Health IT panel aims for middle road
Panel has short deadlines for Health IT standards
- By Alice Lipowicz
- May 15, 2009
Members of the new federal Health Information Technology Standards Committee said today they aim to create new standards that are sufficient to improve quality of care and efficiency but not so demanding as to cause delays and discourage providers.
“If we set the bar too low, we will not see the quality improvements,” Committee Member James Ferguson, director of information technology strategy and policy for Kaiser Permanente, said at the committee's first meeting. “But there is potential danger in a high bar.”
The health IT standards committee was established by Congress as part of the economic stimulus law to recommend basic technical requirements for health IT and exchange of medical data, and a process for certifying products that meet the standards.

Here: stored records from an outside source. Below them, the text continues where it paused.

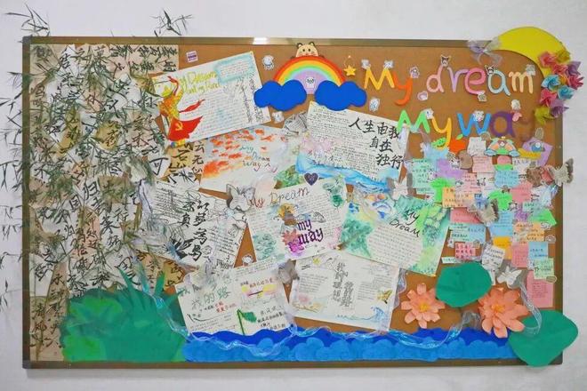 即将踏上冲刺之路的高三,文化墙满是坚定与热血。“My Dream, My Way” 的主题,既彰显着学长学姐对梦想的执着,也传递着 “走出自己专属道路” 的信念。墙面处处藏着对未来的憧憬、对拼搏的坚持,更有同学间的鼓励与陪伴,每一眼都能感受到他们向着目标全力冲刺的决心,让人忍不住为他们加油喝彩!
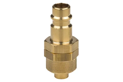 Ausführung wählen Dieses Produkt weist mehrere Varianten auf. Die Optionen können auf der Produktseite gewählt werden / DetailsSchnellkupplungsstecker mit dem gängigen Eurostandard-Profil DN7,2 ohne Ventil, mit Anschluss für einen thermoplastischen Schlauch mit Überwurfmutter. Bestimmt für die Verbindung von Schläuchen mit verschiedenen Komponenten von Anlagen und Ausrüstungen in pneumatischen Anwendungen (Luft, Stickstoff, andere nicht brennbare Gase). Die Schnellkupplungen sind austauschbar mit allen nach Eurostandard DN7,2 ÷ 7,8 anderer Hersteller. Der Stecker ist in zwei Varianten erhältlich: mit Mutter ohne Feder und mit Mutter mit Schutzfeder, die den Schlauch vor Abrieb, Knicken oder mechanischen Beschädigungen schützt. Betriebsdruck: bis zu 35 bar. Material: Messing. Betriebstemperatur: von -20°C bis +100°C.
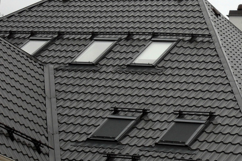 Мансардное окно в стиле velux с черной черепицейPREMIUM
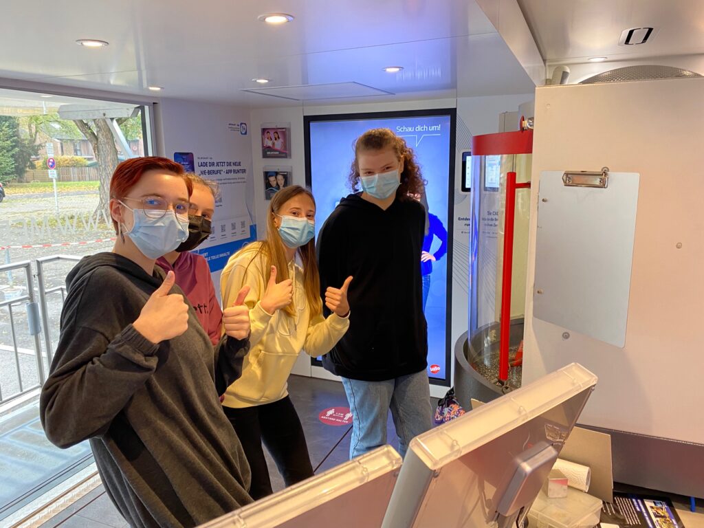 In dieser Woche war der M + E-Infotruck auf unserem Schulgelände. Die Neuntklässler konnten sich umfangreich über Berufsfelder und Karrieremöglichkeiten in der metallverarbeitenden Industrie und der Energiewirtschaft informieren.
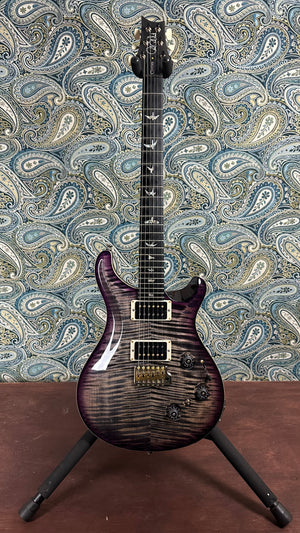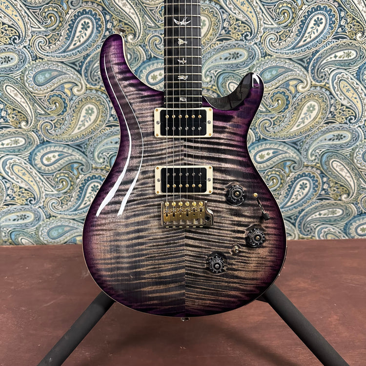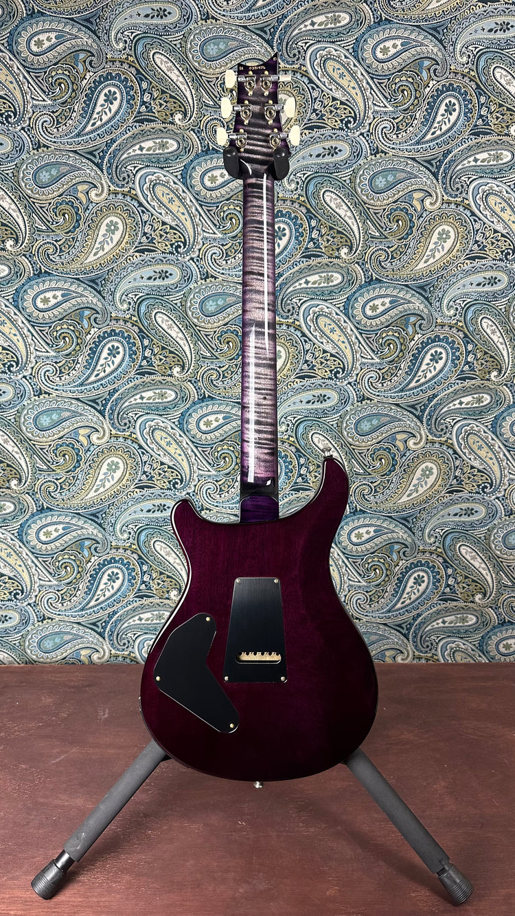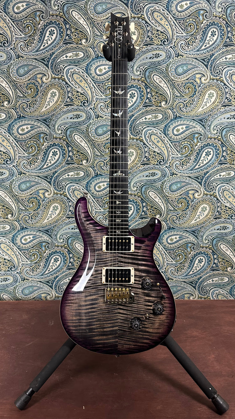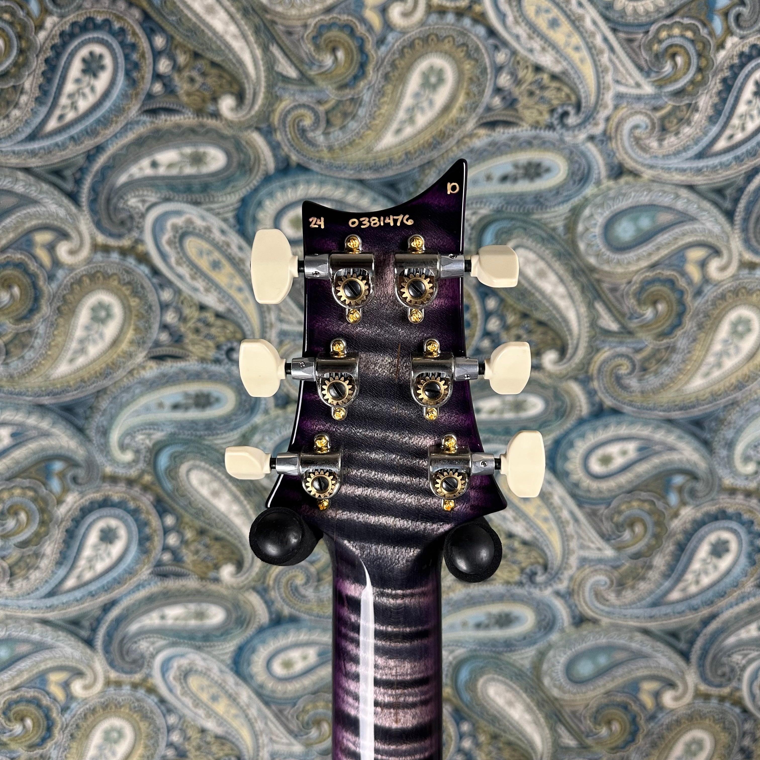 PRS Wood Library Custom 24 Piezo 10-Top Flame Charcoal Purple Burst w/ Figured Stained Neck

Under the law, the Health and Human Services Department (HHS) will distribute $17 billion in incentive payments to doctors’ offices and hospitals who purchase and meaningfully apply certified health IT systems. A separate advisory panel, the Health IT Policy Committee, met for the first time on May 11 to begin defining “meaningful use” and outlining certification.
Both committees must have health IT products in place by 2011 under the law. “We are goal oriented,” said Dr. David Blumenthal, HHS’ National Coordinator for Health IT, who sits on the standards committee and chairs the policy panel. “We do not have time to remake the world.”
The standards panel initially may focus on IT standards in four areas, said Dr. John Halamka, chief information officer for Harvard Medical School and vice chair of the committee. Those areas are transmission and exchange of e-prescribing, laboratory results and clinical summaries, along with and quality measurements, he said.
However, unlike past health IT standards-making efforts, which focused on business-use cases, the committee should look at data elements and a functional basis for each exchange of information, he said.
The preferred method may be to create a common index of medical terms and a process for exchange of the patient data, he said. For e-prescribing, for example, “there would be one way to name a medicine and one way to do a refill,” Halamka said.
Another possibility is to look at secure messaging as a basis for secure exchange of patient data, suggested Committee Member David McCallie, vice president for medical informatics at Cerner Corp.
“What is the most important and commonly used standard for data exchange now? The answer is the fax [machine],” McCallie said. The goal would be to replace the fax machine with a secure emailing system for patient data along with authentication and verification procedures for senders and recipients, he said.
A middle road might be to leave some things in text format that is transmitted like e-mail messages, but to move toward a common index of medical terms that would allow “semantic interoperability” of different health IT systems, Ferguson added.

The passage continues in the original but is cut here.